Quasiment au même moment, le principal parti d’opposition, l’Alliance Démocratique (DA), a menacé de saisir la justice devant le refus de la SABC de diffuser ses clips de campagne en vue des élections municipales qui se tiendront le 3 août. »Ils ont retardé de quelques jours la diffusion de notre spot.
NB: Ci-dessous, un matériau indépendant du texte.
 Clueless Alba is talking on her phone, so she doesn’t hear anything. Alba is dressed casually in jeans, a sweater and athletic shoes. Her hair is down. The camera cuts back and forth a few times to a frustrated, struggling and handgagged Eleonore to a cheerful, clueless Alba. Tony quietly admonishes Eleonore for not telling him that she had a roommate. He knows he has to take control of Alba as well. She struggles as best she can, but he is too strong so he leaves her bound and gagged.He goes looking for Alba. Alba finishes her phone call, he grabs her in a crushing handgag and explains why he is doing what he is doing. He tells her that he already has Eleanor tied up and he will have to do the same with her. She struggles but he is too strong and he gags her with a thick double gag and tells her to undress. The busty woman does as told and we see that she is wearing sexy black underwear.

Nous pensons que c’est parce que celui de l’ANC n’était pas prêt », confie à l’AFP Phumzile van Damme, la responsable de la communication de l’Alliance Démocratique, accusant Hlaudi Motsoeneng de « censure politique pour protéger l’ANC de toute couverture médiatique négative ».

Plus tôt cette année, la SABC avait banni la lecture des gros titres des journaux de la presse écrite, parfois critiques envers le pouvoir, dans les émissions de radio du groupe. Fin février, des médias locaux avaient aussi rapporté que les appels des auditeurs critiques vis-à-vis du président Zuma seraient désormais filtrés à la radio publique.

Le pouvoir riposte

« Les gens disent qu’on censure les informations. Je ne sais pas ce que c’est la censure. Il n’y a pas de censure à la SABC », s’est défendu avec aplomb Hlaudi Motsoeneng, insistant sur le fait que « tout le monde était heureux » au sein du groupe.
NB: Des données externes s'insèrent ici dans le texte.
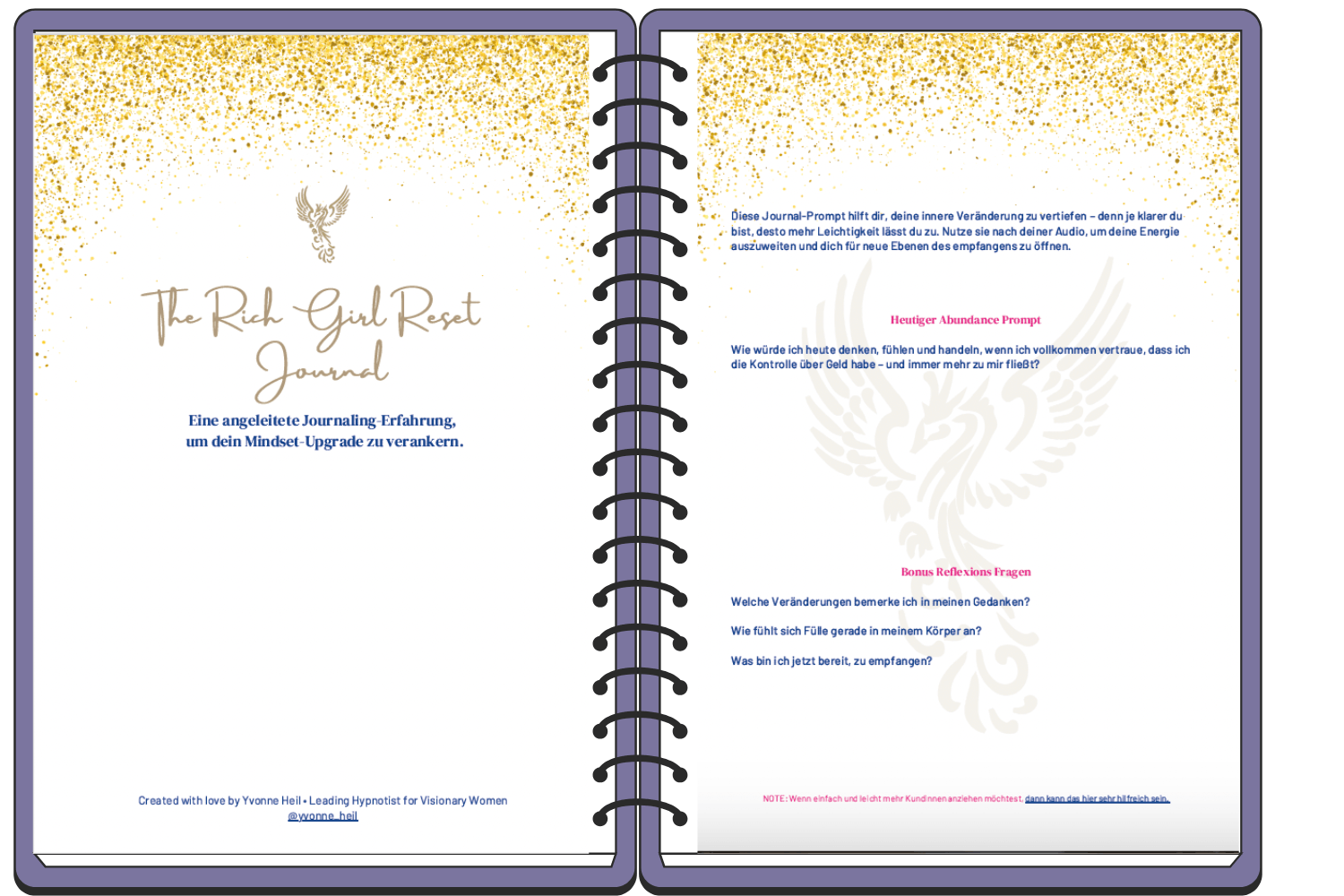 Du bekommst nicht nur die Hypnosen, sondern auch die Integrationstools, damit dein Reset wirklich bleibt. Das Rich Girl Reset Journal ist dein täglicher Reminder, wer du bist. Damit du deine neue Identität nicht vergisst, sondern Tag für Tag stärkst. Mit dem Abundance Affirmation Track gehst du hochfrequent, kurz, direkt ins Gefühl. Ein Audio, das deine neue Frequenz immer wieder festigt.

Le chef des opérations de la SABC a aussitôt bénéficié du soutien de la ministre de la Communication, Faith Muthambi, dont dépend le groupe, qui a mis en doute la sincérité de Jimi Matthews : « le calendrier de sa démission est suspect », a-t-elle déclaré dans un communiqué repris par le Mail and Guardian. »Certains individus veulent politiser ces questions et c’est regrettable qu’ils cherchent à marquer des points politiques là-dessus », ajoute le texte dans lequel la ministre réaffirme sa confiance dans le conseil d’administration du groupe.

À ce titre, elle regrette que Jimi Matthews en ait fait « une affaire sur les réseaux sociaux », plutôt que d’évoquer son malaise avec la direction. Ce dernier a été remplacé à la tête de la SABC dès le lendemain de sa démission par James Aguma, qui avait intégré la direction du groupe en mars 2014 en tant que directeur financier, indique le site d’information le Daily Maverick

Appel à manifester

Plusieurs journalistes sud-africains de différents médias ont néanmoins appelé à manifester vendredi devant les locaux de la SABC, pour dénoncer les « attaques contre la liberté d’expression ».

Pour Susan Booysen, professeur à l’université Wits de Johannesburg, cette situation au sein du diffuseur public est « typique » des périodes électorales. « Mais cette fois on a franchi un cap. Il y a un peu de paranoïa au sein de l’ANC car les élections vont être serrées« , ajoute t-elle.

Selon les derniers sondages publiés par l’institut Ipsos, l’ANC pourrait perdre trois grandes villes lors des élections municipales du 3 août. Il est menacé par la DA à Pretoria, Johannesburg et Port Elizabeth (sud-est), un premier revers d’envergure depuis son arrivée au pouvoir en 1994, à la fin de l’apartheid.